Toronto Airport faces lawsuits with its wheelchair services

| | 22 Sep 2016, 09:01 pm
Toronto, Sept 22 (IBNS): According to a CBC News investigation report, Canada's busiest Pearson International Airport is facing a string of lawsuits for injuries and even a death allegedly resulting from problems with wheelchair services.

CBC News states “at least eight separate wheelchair travellers or their families have launched court fights against the Greater Toronto Airports Authority, which runs Pearson International, as well as various airlines and contracted companies since 2011.”

The suit alleges wheelchair shortages, staff errors, poor trainings and other types of negligence which led to serious accidents, broken hips and even death of an elderly traveller after she fell on an airport escalator.

82-year-old , Antonia Becchetti from St. Catharines, in Ontario died after falling and hitting her head on an escalator in Terminal 3 of the Pearson Airport in  October 2011.

Her son, John Becchetti says, “I think they took better care of my mom's luggage than they did of my mom,”

Presently, Becchetti and his brother Mauro are suing the airport, Air Transat and a wheelchair service company for $1.2 million. According to them, their mother who was travelling alone, and was not conversant in English, was offered no help and was left to walk unattended after debarking from the aircraft into the airport.

"It was on my mom's travel ticket that she needed the assistance. I don't know what more you can do," Becchetti told CBC News.

Both the airport as well as the various airlines and contractors involved have denied the allegations in the eight lawsuits, one of which had been settled recently.
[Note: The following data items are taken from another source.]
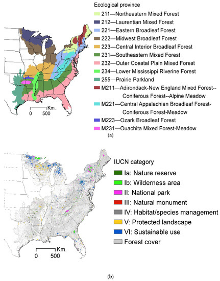 (a) Ecological provinces and study area; (b) IUCN protected areas and forest cover.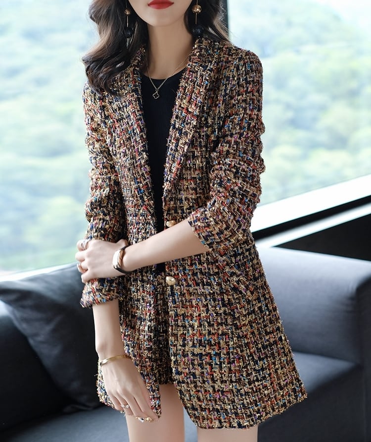 セットアップ ショートパンツ 20代 30代 40代 くすみカラー 2点セット ツーピース ツイード風 ロングジャケット 長め丈 スリム クラシカル 上品 シック 大人女子 通勤 お出かけ パーティ― イベント 春秋 RB-R3-A02-0018
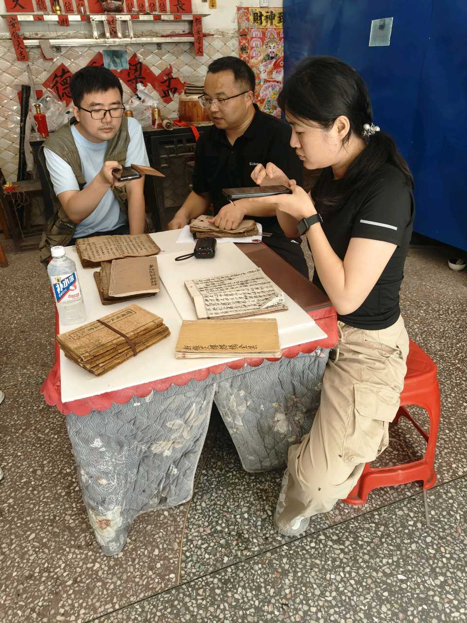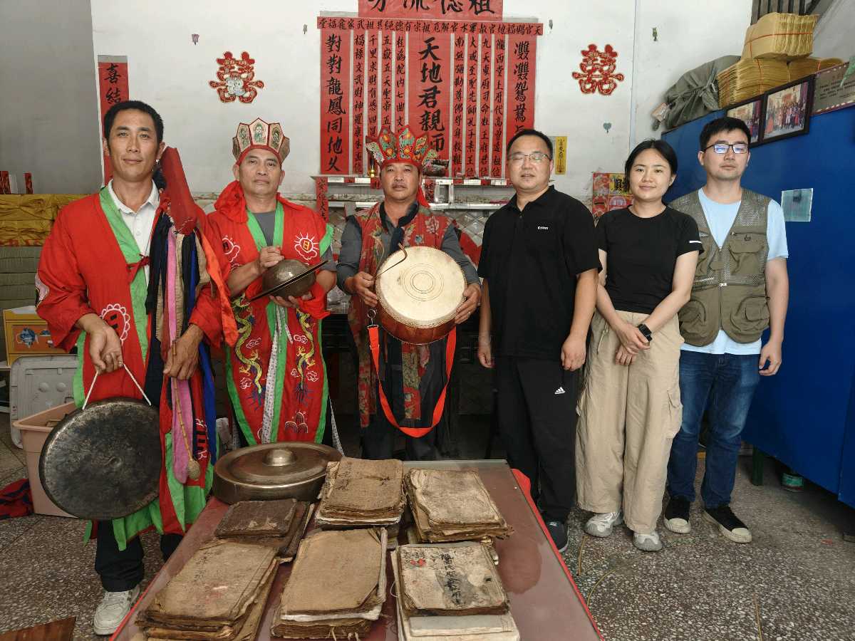 能不能把你们的傩戏书籍拿出来看一下行不行?专家欧阳大霖又问:让我们拍照回去研究一下里面的有关内容是否完整?掌坛师李逢仁马上回应:行!行!行!现在我去要来就摆在小桌子这里,你们可以拍照以后再去具体分析,了解一下里面的东西到底丰富不丰富完整不完整。随后,三个客人就翻阅一堆那些傩戏书籍,有时遇到什么问题就马上提问,直到弄清才放心一些。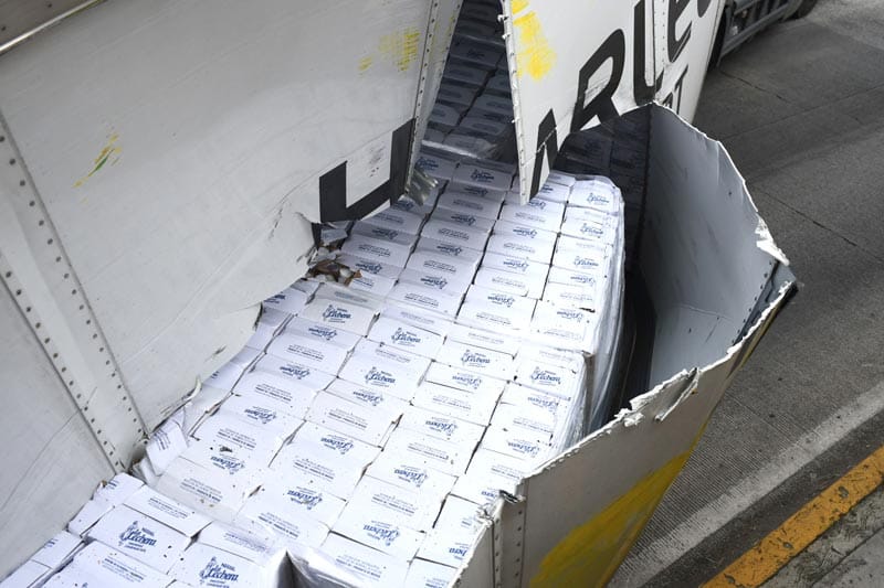 *La caja seca quedó al descubierto y la carga consistente en cajas de productos lácteos (La Lechera)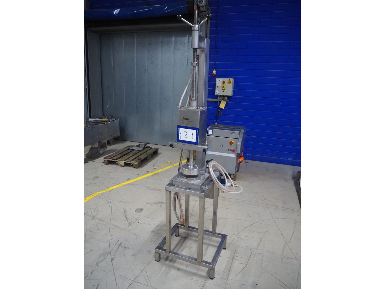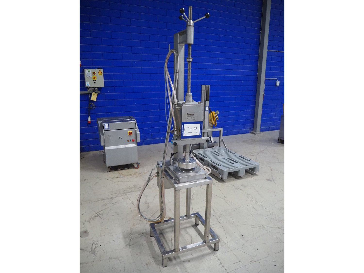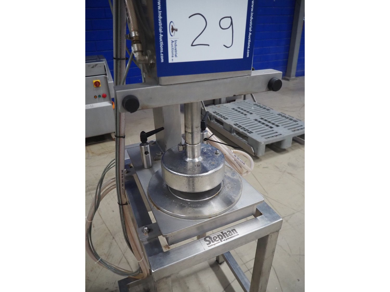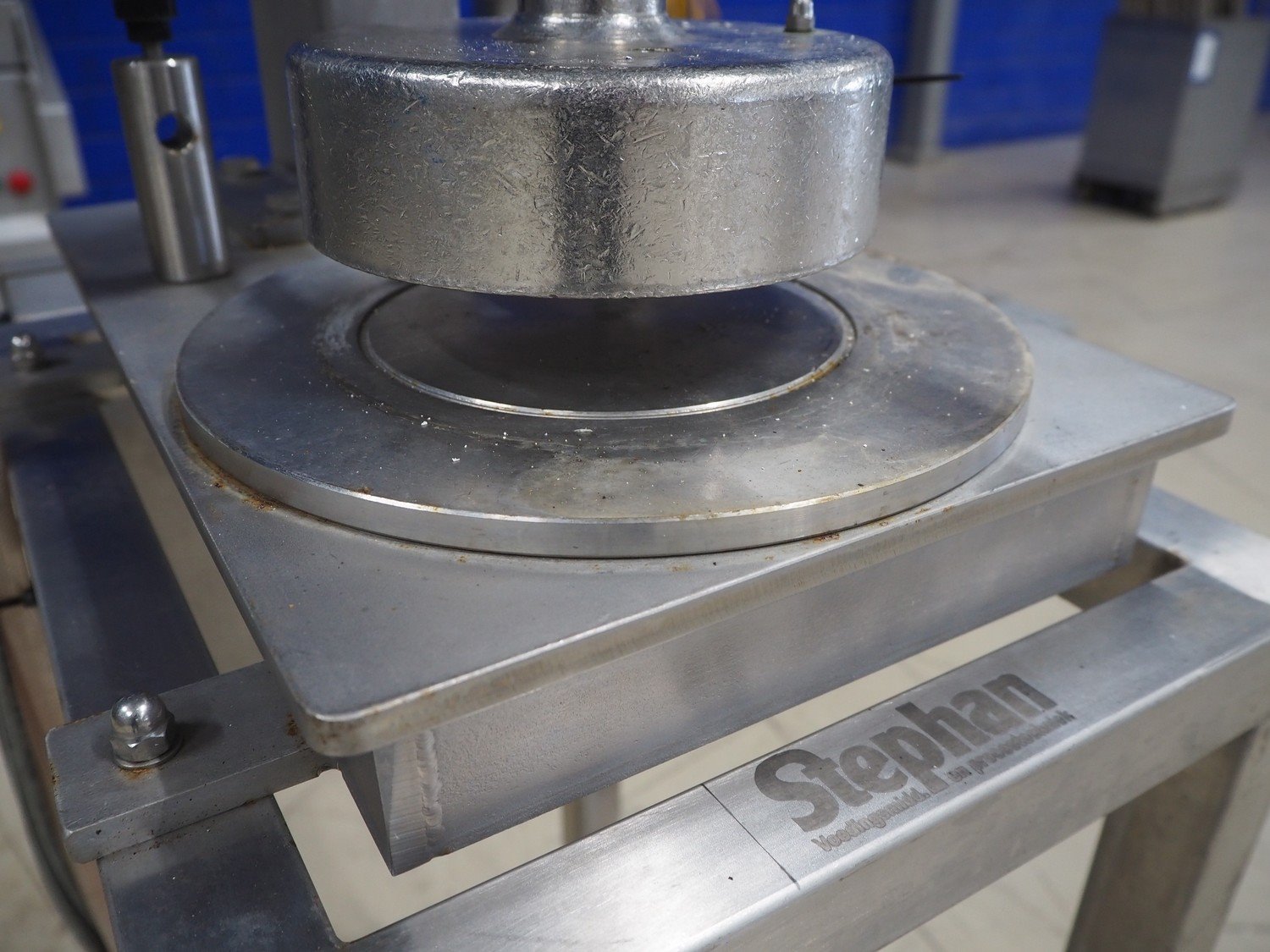Stephan can opener, working diameter: 160 mm, total dimensions: 800 mm x 600 mm x 2250 mm. Including 3 extra openers, diameter: 155 mm, 148 mm and 69 mm. Kavel locatie: Looyenbeemd 11, 5652 BH Eindhoven, Nederland

The rest are still pending in the court.

With over 41 million travellers last year and tens of thousands of wheelchair requests every month, the Toronto airport faces a huge logistical challenge.
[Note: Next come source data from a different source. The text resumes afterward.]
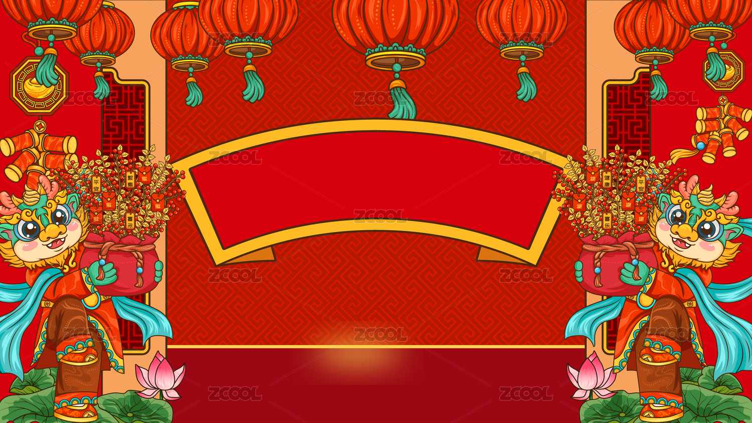龙年,背景,封面,灯笼,新年,拜年,传统,文化,红包,金币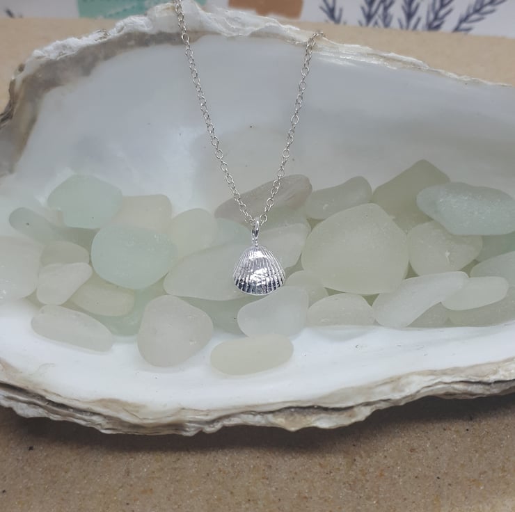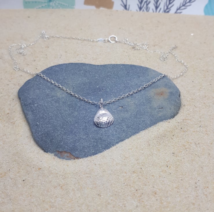 A medium fine silver cockle shell pendant on a sterling silver trace chain.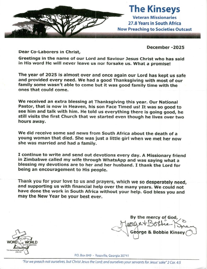 Missionary Newsletters

CBC News, obtained an internal GTAA memo which states, “Toronto Pearson receives approximately 80,000 requests for wheelchair assistance per month, more than most other major hub airports in North America.”

The GTAA supplies the wheelchairs stationed around the airport but leaves airlines to either hire their own staff or use licensed contractors to assist passengers through the terminals.

Mauro Becchetti was in the arrivals area at Pearson waiting for his mother to return from Italy when he received a phone call notifying him she'd fallen and struck her head.

"When I asked the person who brought her to us, I said she was supposed to be in a wheelchair," Mauro told CBC News. "They said there were several flights that landed at the same time and there were no wheelchairs available."

His mother died in hospital the next day from internal bleeding.

The defendants deny any negligence and in documents filed in court blame Antonia Becchetti for not waiting for assistance.

However, CBC news investigated that Antonia was not the only one who faced the wheelchair crisis and faced injury. There were many like her, however the difference is they were just injured while Antonia succumbed to her injuries.

According to a CBC News Investigation, the 65 airlines that fly out of Pearson airport are responsible for supplying their own wheelchair attendants.

Michael Schmidt, a lawyer defending the GTAA in the seven remaining wheelchair lawsuits, wouldn't discuss the cases.

However, he did say the GTAA is technically a landlord, likening it to a large mall that isn't required to provide wheelchair services.

"But the airport is a complicated place with extra issues and security. So, the airport puts into place a service," Schmidt told CBC.

He says it's difficult trying to anticipate the ebb and flow of travellers.